Tatsache ist, dass die türkische Armee im kurdischen Nordirak einen beinah 40 Kilometer tiefen Streifen unter ihre Kontrolle gebracht hat. Im Gegensatz zu Operationen vergangener Jahre, wird die türkische Armee dort länger bleiben. Davon zeugt zumindest, dass sie in diesem Streifen mittlerweile über 30 neue Militärstützpunkte errichtet hat. Dasselbe dürfte auch für das Nachbarland Syrien gelten. Die Türkei habe nicht vor, ihre Streitkräfte aus Syrien abzuziehen, bevor Syrien befreit werde, erklärte Erdogan vor Kurzem. Die Frage, wer in Syrien vom wem befreit werden solle, liess er offen. Vorige Woche konnte schliesslich ein bewaffneter Schlagabtausch zwischen der griechischen und türkischen Marine nur dank der Intervention der deutschen Bundeskanzlerin Angela Merkel im letzten Moment abgewendet werden.

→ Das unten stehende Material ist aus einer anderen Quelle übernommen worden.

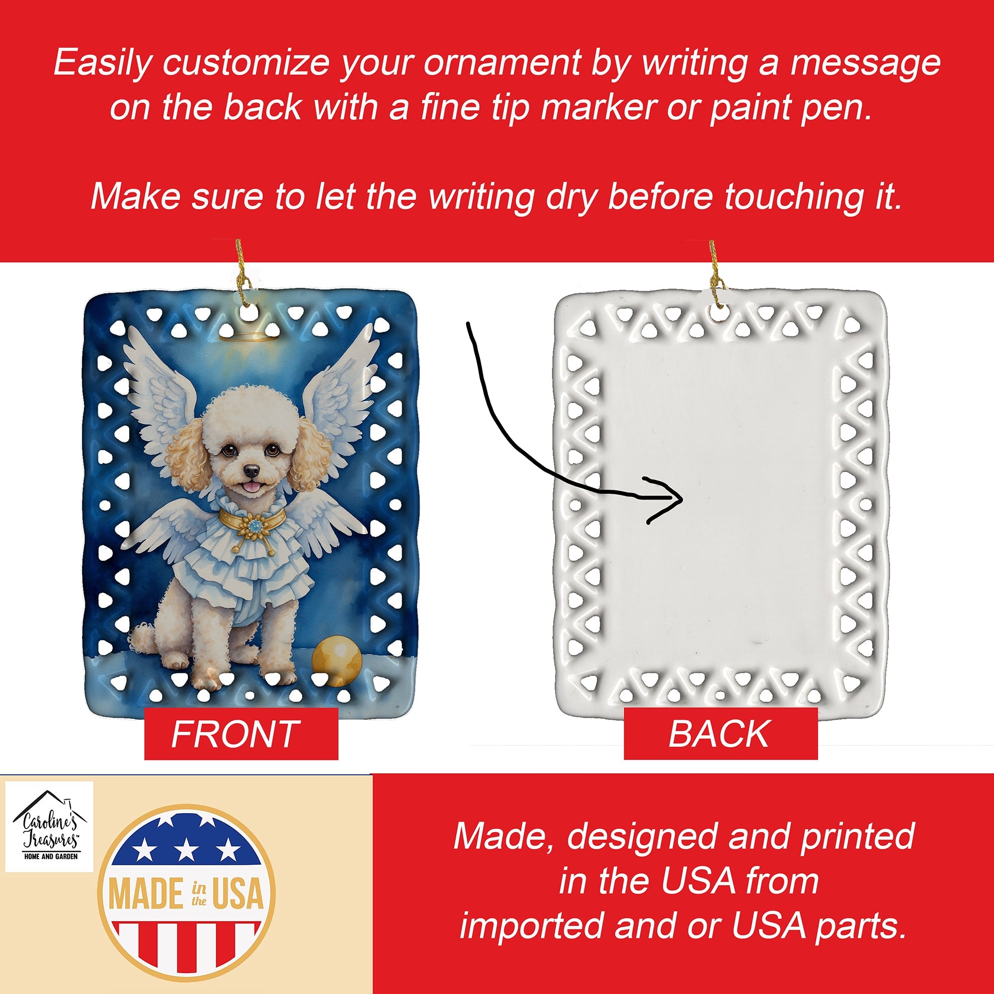 Porcelain Ornament featuring breed specific Poodle artwork. Celebrate Christmas with this Christmas Ornament. Add a unique, personal touch to your holiday decor with our Rectangular Lattice Porcelain Ornament. Perfect for creating cherished memories, this high-quality ornament shines under festive lights, reflecting warmth and joy throughout your Christmas tree. Crafted with a glossy finish, it showcases vibrant, full-color artwork contributed by our talented artists, ensuring your tree is adorned with a burst of color and holiday spirit. What sets this Porcelain Ornament apart is its customizable white back. Use a paint pen or permanent marker to write a heartfelt message, commemorate a special year, or mark an unforgettable date, turning this ornament into a keepsake that will be treasured for years to come. For best results, allow any personalization to dry thoroughly before handling. Each ornament comes complete with a delicate gold cord, making it easy to hang and display. Proudly made in the USA, this ornament measures 3.375 x 2.625 inches and is a thoughtful gift for pet sitters, teachers, family members, or anyone who would appreciate a little extra holiday magic. Bring style, charm, and a touch of personal meaning to your Christmas tree with this beautifully designed ornament..
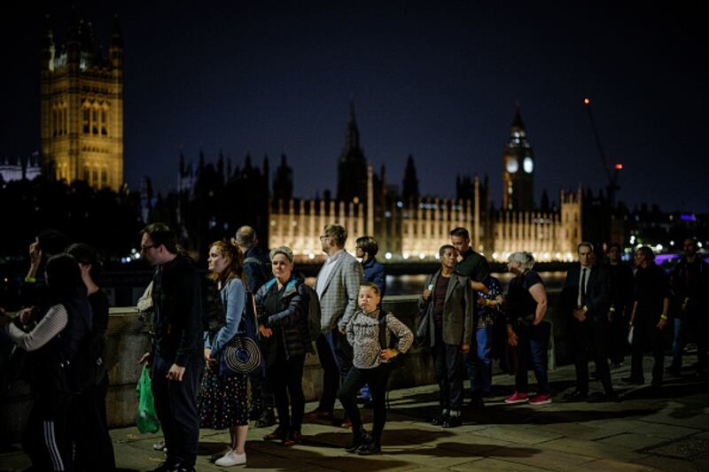 Photos: Queen Elizabeth II lies in state as thousands wait through night to pay respects People stand in line along Southbank as tens of thousands join queues to see Queen Elizabeth II lying in state at Westminster Hall on September 14, 2022, in London. (Rob Pinney/Getty Images)
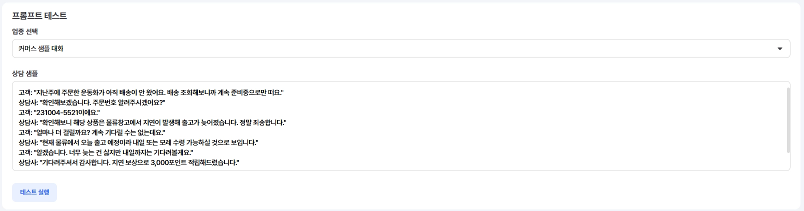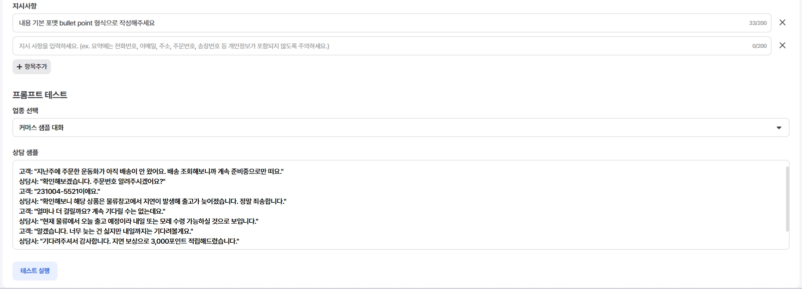 진행 중 상담 요약과 동일하게 설정하고 테스트할 수 있습니다.
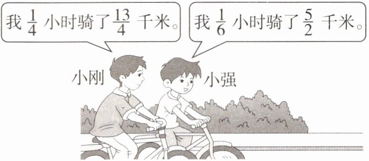 小刚的速度:$\frac{13}{4}÷\frac{1}{4}=13$(千米/时) 小强的速度:$\frac{5}{2}÷\frac{1}{6}=15$(千米/时) $13<15$ 小强骑得快。
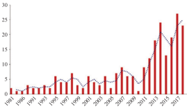 Fasce等于1973年第一个定义的互换性为“一个酶物质的能力,显示了检测间的活力变化,与人血清中相同的酶的活力变化,是可比较的”。这个定义以后被延伸作为所有RM的特性[5]。除了在45年前发生了第一次叙述互换性外,在概念上依然很难理解和和领会。有时候,词语互换性被错误地应用到分析方法或试剂,而不是考虑它为RM的性质。一些人依然将“互换性”和检测结果的“可比性”混淆了。Tietz的临床化学教科书,从第一版到第三版没有提及互换性;直至第4版(2006)上强调了互换性的定义,到最后的第6版(2018)将这个概念成为“质量控制”章的一个部分。另外,尽管该词语自从1980早期出现在学术发表上的标题上,但发表的数量每年为个位数,直至近期的10年里有了变化(图2)。
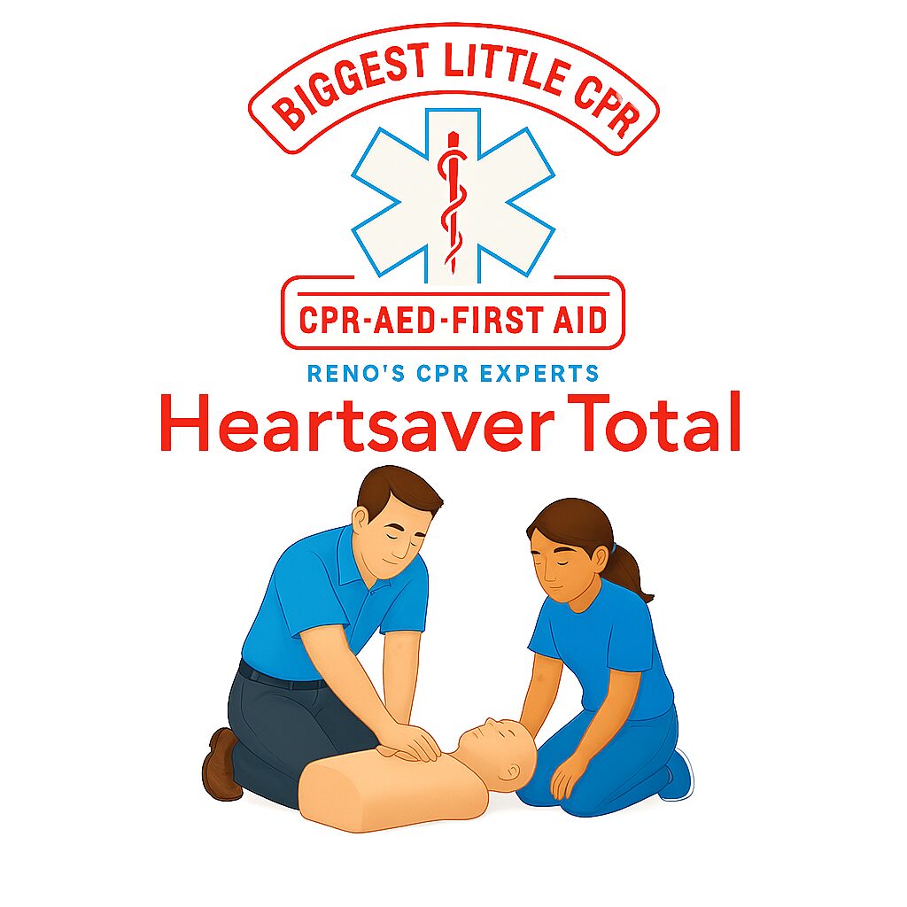 The Heartsaver Total course is designed for individuals with little or no medical training who need first aid, CPR, and AED training. It covers lifesaving skills such as recognizing cardiac arrest, performing CPR, and using an AED.
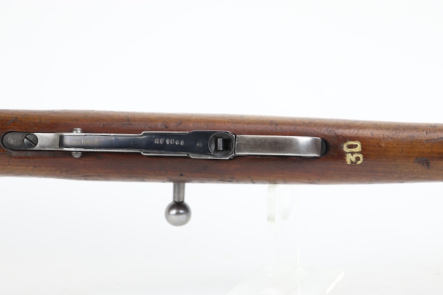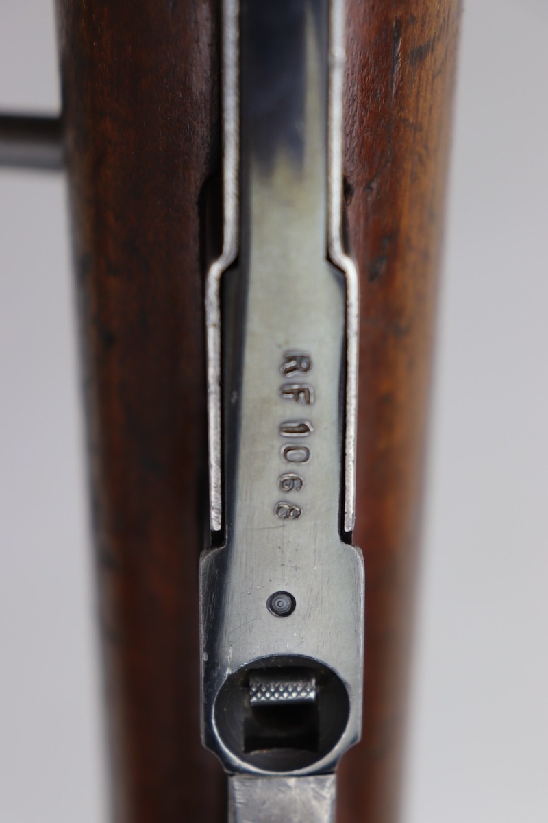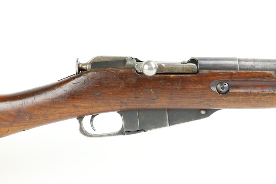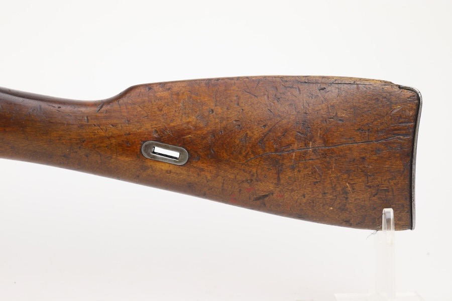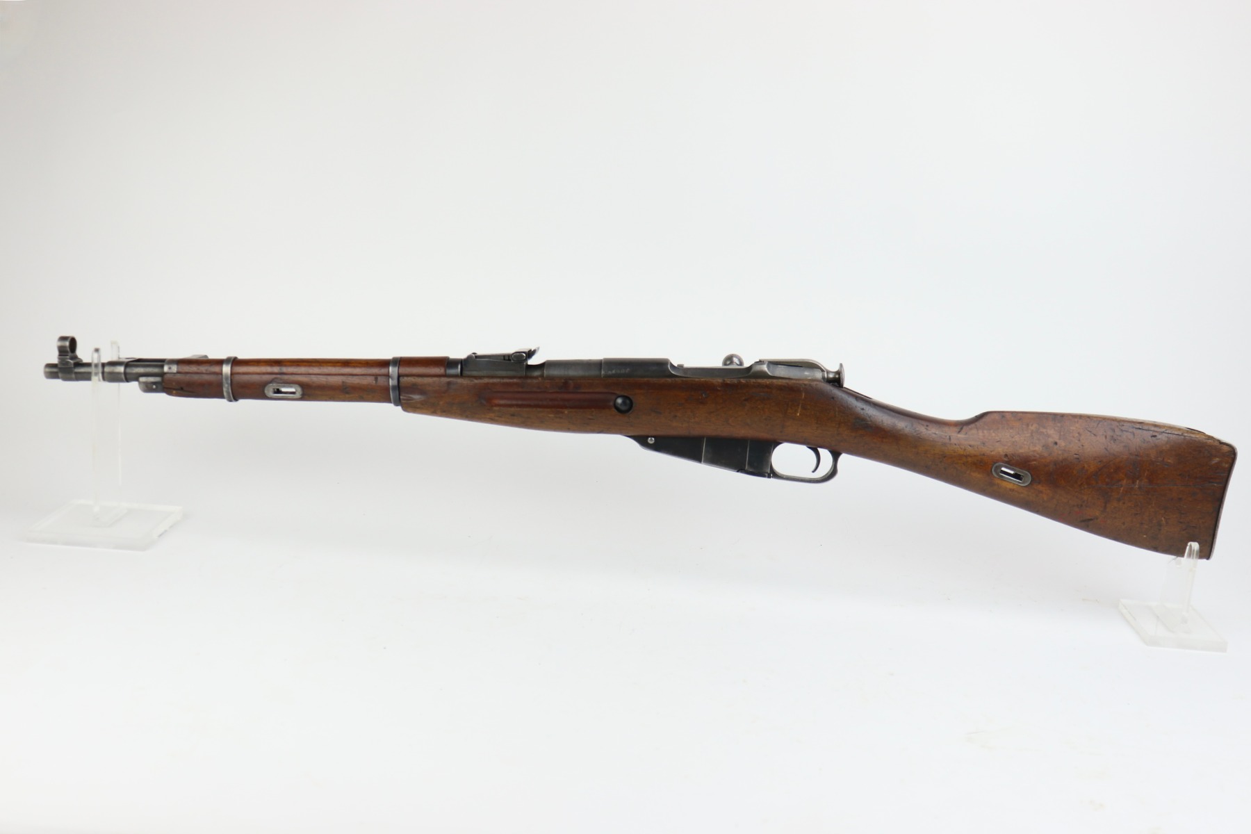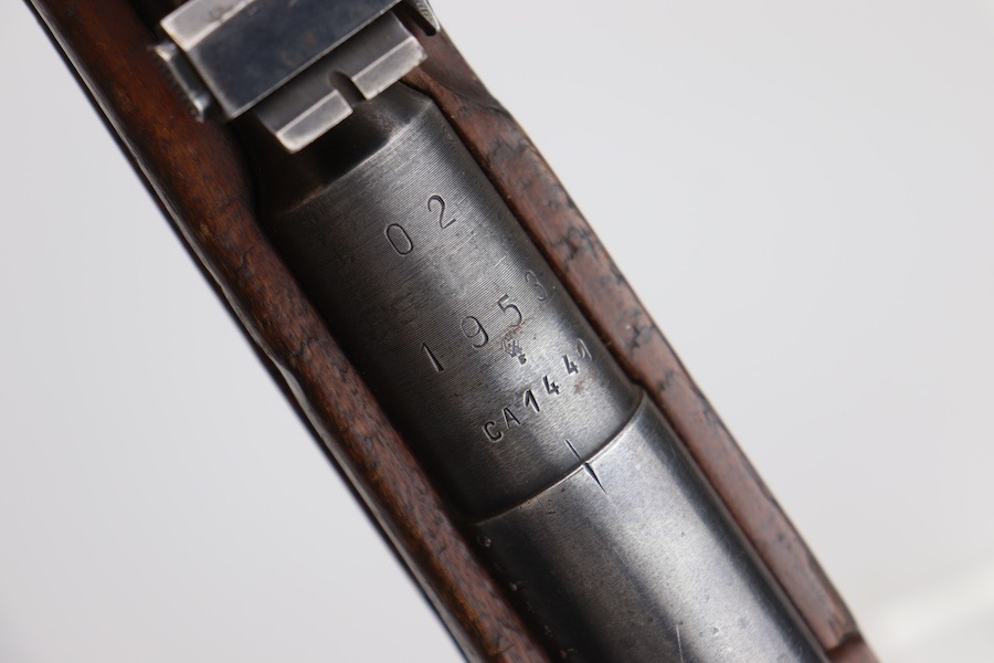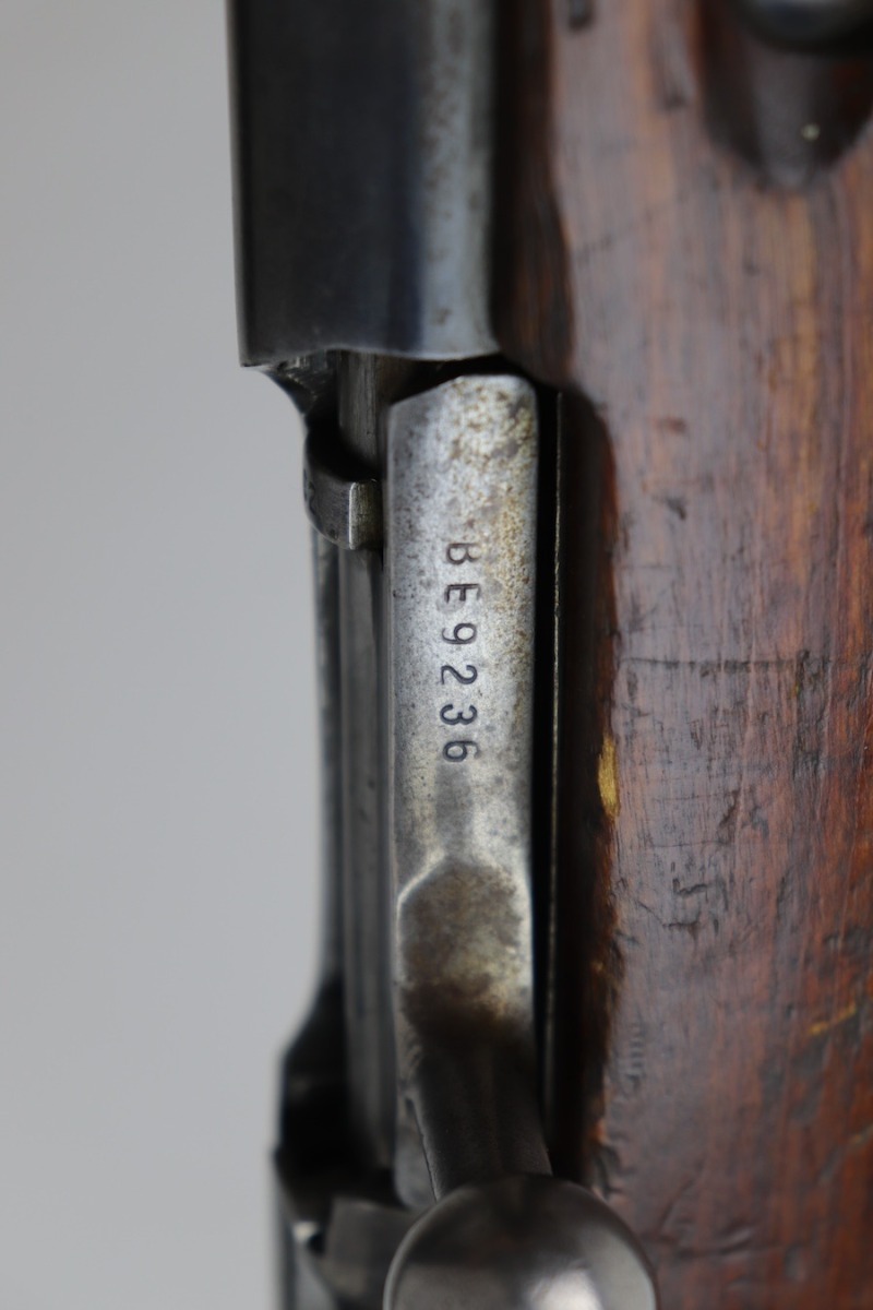 2/2/24 – This is a great and original condition Hungarian M44 Mosin Nagant carbine. A fair amount of the bluing finish has worn off the barrel, receiver parts, and mag well. There is also edge wear on the muzzle; we rate the finish at 60%. The bore has light pitting mainly towards the muzzle end but has very strong rifling; we rate the bore 8.5/10. there is a fair bit of handling wear near the end of the stock; however, there are no cracks or splits in the forend or stock. Action is very smooth and works as it should. All parts on this rifle are mismatched, and there is an import mark on the left side of the front of the barrel.

Es ist ein gefährliches Motiv, das sich in den letzten Monaten regelmässig wiederholt: Ankara erklärt seine Absicht, vor Zypern oder anderen griechischen Inseln bohren zu wollen und schickt Bohrschiffe und seine Marine demonstrativ in die Gewässer Griechenlands oder Zyperns. Diesmal hatten sich ein türkisches Bohrschiff, begleitet von einem Dutzend Kriegsschiffen, auf den Weg gemacht, vor der griechischen Insel Kastellorizo nach Erdöl zu suchen. Daraufhin setzte Athen seine Kriegsmarine auf höchste Alarmbereitschaft. Könnten die NATO und die EU, der Europarat und der Europäische Gerichtshof für Menschenrechte EU, die Dynamik in Ankara und die Signalkraft der Umwandlung Hagias Sofias tatsächlich so grob unterschätzt haben?